Planning is well underway for the next installment in the IDEAS Seminar Series, and I’m pretty excited about where this one is headed.
In April, we’ll be going live with a topic that’s both timely and foundational: active learning in online environments. The conversation is shaping up to explore not just why active learning matters — but how we can actually make it work in the ever-evolving digital classroom.
Online courses can so easily default to passive formats: watch a video, take a quiz, repeat. But active learning asks more of both the educator and the student — it invites participation, ownership, and deeper thinking. The challenge, of course, is figuring out how to design and facilitate those moments of engagement in an environment that doesn’t naturally lend itself to them.

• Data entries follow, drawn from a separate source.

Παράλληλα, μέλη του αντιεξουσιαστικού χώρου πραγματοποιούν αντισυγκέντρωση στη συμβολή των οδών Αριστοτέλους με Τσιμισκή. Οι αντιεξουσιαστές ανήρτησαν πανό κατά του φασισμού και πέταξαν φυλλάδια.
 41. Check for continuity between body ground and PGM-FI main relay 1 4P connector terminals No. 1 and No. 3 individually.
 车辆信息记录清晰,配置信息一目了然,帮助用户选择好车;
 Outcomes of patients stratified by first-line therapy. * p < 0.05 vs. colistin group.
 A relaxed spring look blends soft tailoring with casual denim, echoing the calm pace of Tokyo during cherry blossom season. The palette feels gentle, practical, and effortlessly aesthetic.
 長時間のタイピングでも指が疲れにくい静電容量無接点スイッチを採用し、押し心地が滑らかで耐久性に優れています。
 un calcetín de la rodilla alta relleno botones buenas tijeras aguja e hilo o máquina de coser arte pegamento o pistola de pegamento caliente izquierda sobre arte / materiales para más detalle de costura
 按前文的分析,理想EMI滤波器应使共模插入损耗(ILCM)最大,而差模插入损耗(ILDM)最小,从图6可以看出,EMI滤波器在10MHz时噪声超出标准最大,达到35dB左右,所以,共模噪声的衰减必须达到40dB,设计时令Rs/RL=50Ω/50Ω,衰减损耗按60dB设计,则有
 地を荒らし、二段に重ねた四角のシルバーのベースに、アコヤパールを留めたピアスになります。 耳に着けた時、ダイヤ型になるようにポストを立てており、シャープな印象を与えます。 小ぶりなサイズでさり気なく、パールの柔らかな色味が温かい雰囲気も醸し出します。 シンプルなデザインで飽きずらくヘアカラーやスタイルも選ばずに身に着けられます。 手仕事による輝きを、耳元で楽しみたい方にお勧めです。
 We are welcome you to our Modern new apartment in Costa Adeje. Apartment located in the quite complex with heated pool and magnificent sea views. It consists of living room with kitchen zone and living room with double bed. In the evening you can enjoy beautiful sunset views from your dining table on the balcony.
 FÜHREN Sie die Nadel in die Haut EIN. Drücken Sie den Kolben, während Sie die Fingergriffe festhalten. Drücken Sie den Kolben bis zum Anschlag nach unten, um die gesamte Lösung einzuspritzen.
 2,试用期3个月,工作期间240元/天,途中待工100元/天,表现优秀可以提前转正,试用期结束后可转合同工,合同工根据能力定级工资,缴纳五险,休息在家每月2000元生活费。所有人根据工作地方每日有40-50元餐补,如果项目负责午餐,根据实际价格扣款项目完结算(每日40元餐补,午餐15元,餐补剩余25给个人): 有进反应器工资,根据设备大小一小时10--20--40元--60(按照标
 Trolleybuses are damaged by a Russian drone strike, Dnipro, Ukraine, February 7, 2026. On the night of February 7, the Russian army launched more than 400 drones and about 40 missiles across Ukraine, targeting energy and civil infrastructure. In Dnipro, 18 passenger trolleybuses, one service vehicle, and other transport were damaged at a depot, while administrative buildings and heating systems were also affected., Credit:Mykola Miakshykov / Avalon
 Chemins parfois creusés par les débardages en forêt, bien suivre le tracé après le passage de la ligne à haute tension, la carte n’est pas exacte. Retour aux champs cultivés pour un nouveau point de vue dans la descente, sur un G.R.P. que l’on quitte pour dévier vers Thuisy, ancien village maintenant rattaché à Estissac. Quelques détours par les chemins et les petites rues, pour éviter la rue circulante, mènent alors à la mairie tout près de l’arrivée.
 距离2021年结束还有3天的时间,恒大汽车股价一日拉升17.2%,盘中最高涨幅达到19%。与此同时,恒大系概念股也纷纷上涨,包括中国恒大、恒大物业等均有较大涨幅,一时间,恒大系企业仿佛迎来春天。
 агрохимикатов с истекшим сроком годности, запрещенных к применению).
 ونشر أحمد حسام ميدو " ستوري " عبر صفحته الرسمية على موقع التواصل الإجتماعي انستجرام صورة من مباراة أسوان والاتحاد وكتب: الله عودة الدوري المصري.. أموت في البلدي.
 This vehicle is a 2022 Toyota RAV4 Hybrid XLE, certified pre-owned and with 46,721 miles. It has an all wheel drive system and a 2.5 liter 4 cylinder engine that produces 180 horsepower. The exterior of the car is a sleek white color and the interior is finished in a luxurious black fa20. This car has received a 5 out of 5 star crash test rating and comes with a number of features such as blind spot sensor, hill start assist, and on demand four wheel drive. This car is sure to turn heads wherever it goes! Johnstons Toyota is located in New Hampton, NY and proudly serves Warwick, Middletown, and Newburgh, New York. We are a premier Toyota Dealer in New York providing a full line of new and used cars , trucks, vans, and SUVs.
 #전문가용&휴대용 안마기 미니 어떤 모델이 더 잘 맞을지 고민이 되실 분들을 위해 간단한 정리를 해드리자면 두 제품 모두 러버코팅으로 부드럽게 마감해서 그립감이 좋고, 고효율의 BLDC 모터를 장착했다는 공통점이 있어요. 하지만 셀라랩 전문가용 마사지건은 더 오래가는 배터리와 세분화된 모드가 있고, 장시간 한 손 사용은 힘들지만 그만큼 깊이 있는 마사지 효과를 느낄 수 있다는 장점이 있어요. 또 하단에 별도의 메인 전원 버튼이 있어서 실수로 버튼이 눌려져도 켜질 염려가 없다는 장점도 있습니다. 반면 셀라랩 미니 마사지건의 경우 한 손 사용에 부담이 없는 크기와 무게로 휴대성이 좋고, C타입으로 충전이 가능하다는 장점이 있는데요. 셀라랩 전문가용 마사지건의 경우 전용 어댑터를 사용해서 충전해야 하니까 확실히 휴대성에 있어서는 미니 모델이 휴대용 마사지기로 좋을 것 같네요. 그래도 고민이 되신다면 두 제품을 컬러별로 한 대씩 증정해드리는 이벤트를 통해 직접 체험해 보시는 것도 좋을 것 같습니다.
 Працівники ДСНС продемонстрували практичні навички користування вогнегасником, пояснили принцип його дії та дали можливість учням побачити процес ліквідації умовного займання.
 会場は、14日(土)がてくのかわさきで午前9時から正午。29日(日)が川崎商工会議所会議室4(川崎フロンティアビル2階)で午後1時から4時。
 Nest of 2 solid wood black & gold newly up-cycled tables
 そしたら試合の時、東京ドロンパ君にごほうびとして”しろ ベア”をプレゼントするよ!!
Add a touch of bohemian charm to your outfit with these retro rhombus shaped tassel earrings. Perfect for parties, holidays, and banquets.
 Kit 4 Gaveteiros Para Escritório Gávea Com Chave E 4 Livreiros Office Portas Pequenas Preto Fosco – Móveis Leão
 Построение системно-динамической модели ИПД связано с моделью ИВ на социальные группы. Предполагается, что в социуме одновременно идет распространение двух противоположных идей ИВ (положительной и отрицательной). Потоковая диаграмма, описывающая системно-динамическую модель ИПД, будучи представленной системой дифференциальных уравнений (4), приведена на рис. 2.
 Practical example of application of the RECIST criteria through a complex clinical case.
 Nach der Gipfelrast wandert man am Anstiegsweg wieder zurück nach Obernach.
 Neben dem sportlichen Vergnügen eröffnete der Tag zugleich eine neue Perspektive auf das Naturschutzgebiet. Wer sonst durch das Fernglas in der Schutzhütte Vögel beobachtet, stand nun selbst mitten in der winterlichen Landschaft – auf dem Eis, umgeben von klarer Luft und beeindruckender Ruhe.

So right now, I’m working with my team and collaborators to shape a session that goes beyond theory and offers practical, discipline-agnostic strategies for bringing active learning online.
Here’s a peek at the kinds of questions we’re currently exploring with our (soon-to-be-finalized) panel of speakers:
- Why does active learning matter? What happens when it’s missing?
- Where should a faculty member new to this start?
- What mistakes have seasoned instructors made — and what did they learn?
- Which tools or technologies are actually helping deepen engagement?
- How do you know it’s working? What does success look like?
We’re also planning to move toward a more conversational panel format — less formal presentation, more shared insight. That balance between structure and spontaneity feels important for a topic like this.
Like our February event, this one will stream live on YouTube and be fully recorded for asynchronous access. And yes — there’ll be polls, Q&A, and all the good stuff we’ve started to build into our signature format.
As always, my goal with these seminars is to create a space where instructional design doesn’t feel abstract or out of reach — but instead becomes actionable, collaborative, and (dare I say?) energizing.